YOUR ASSIGNMENT - Everything in the listing below should be repeated verbatim, apart from the pictures.

------------------------------------------------------------------------

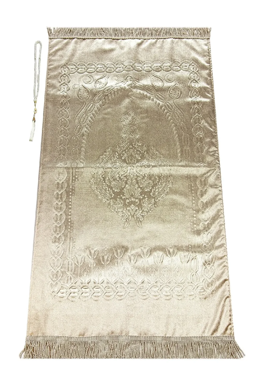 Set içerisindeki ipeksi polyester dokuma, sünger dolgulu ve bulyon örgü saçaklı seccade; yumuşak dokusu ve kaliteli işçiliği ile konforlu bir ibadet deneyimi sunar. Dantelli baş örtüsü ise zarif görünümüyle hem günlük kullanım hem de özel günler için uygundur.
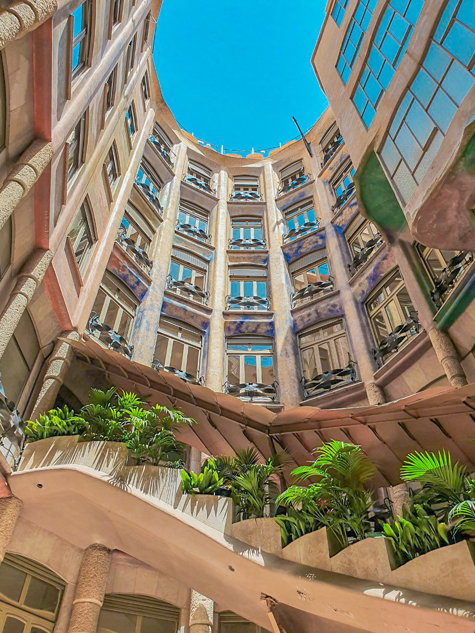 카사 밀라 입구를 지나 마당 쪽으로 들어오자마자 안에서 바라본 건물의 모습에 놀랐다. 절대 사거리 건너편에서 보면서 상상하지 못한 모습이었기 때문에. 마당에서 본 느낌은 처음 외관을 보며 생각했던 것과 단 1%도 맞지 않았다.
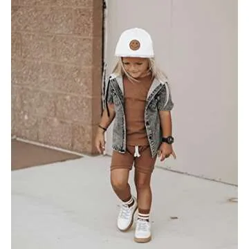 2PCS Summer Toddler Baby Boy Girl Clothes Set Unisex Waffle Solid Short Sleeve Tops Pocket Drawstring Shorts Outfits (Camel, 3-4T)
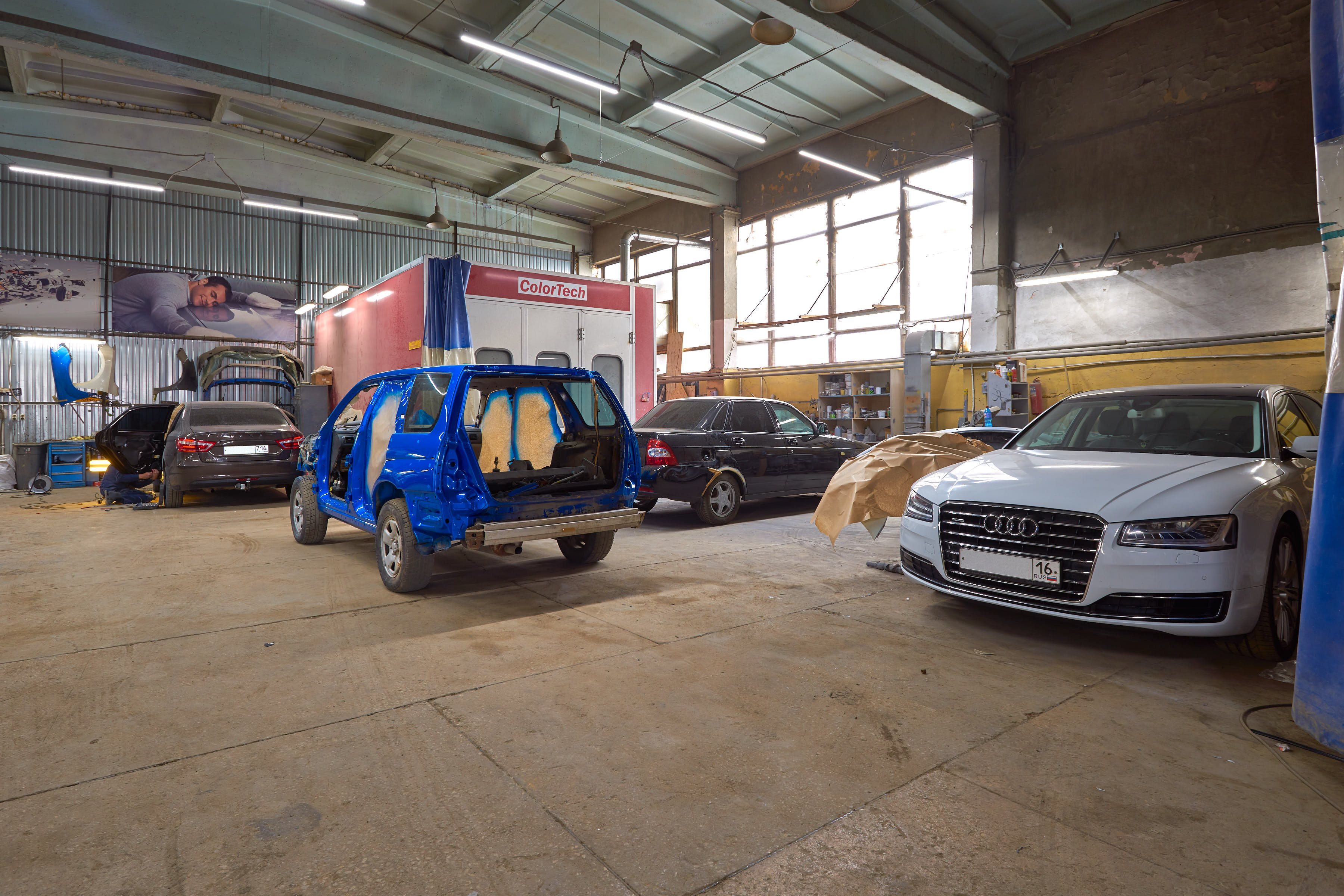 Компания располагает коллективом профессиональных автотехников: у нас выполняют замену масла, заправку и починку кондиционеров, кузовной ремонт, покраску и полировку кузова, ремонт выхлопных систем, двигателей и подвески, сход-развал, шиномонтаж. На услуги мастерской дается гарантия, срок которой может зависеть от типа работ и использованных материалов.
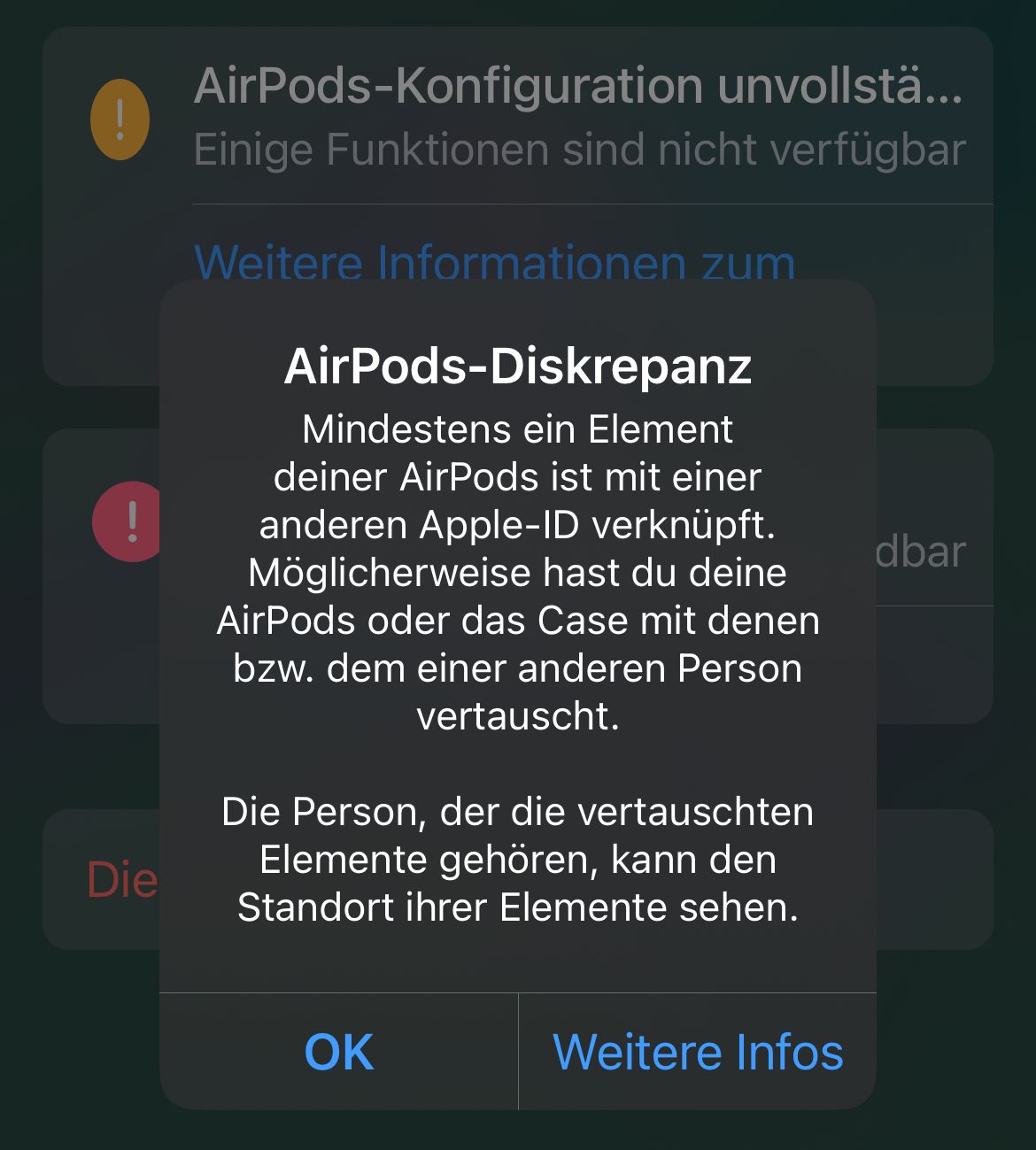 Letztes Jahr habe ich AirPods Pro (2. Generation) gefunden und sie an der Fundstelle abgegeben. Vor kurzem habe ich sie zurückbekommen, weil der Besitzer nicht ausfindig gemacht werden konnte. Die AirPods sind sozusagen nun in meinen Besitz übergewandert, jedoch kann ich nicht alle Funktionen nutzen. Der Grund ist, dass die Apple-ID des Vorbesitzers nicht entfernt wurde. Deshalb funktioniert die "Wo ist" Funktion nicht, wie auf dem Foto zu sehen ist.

------------------------------------------------------------------------

ANSWER SECTION -
 Set içerisindeki ipeksi polyester dokuma, sünger dolgulu ve bulyon örgü saçaklı seccade; yumuşak dokusu ve kaliteli işçiliği ile konforlu bir ibadet deneyimi sunar. Dantelli baş örtüsü ise zarif görünümüyle hem günlük kullanım hem de özel günler için uygundur.
 카사 밀라 입구를 지나 마당 쪽으로 들어오자마자 안에서 바라본 건물의 모습에 놀랐다. 절대 사거리 건너편에서 보면서 상상하지 못한 모습이었기 때문에. 마당에서 본 느낌은 처음 외관을 보며 생각했던 것과 단 1%도 맞지 않았다.
 2PCS Summer Toddler Baby Boy Girl Clothes Set Unisex Waffle Solid Short Sleeve Tops Pocket Drawstring Shorts Outfits (Camel, 3-4T)
 Компания располагает коллективом профессиональных автотехников: у нас выполняют замену масла, заправку и починку кондиционеров, кузовной ремонт, покраску и полировку кузова, ремонт выхлопных систем, двигателей и подвески, сход-развал, шиномонтаж. На услуги мастерской дается гарантия, срок которой может зависеть от типа работ и использованных материалов.
 Letztes Jahr habe ich AirPods Pro (2. Generation) gefunden und sie an der Fundstelle abgegeben. Vor kurzem habe ich sie zurückbekommen, weil der Besitzer nicht ausfindig gemacht werden konnte. Die AirPods sind sozusagen nun in meinen Besitz übergewandert, jedoch kann ich nicht alle Funktionen nutzen. Der Grund ist, dass die Apple-ID des Vorbesitzers nicht entfernt wurde. Deshalb funktioniert die "Wo ist" Funktion nicht, wie auf dem Foto zu sehen ist.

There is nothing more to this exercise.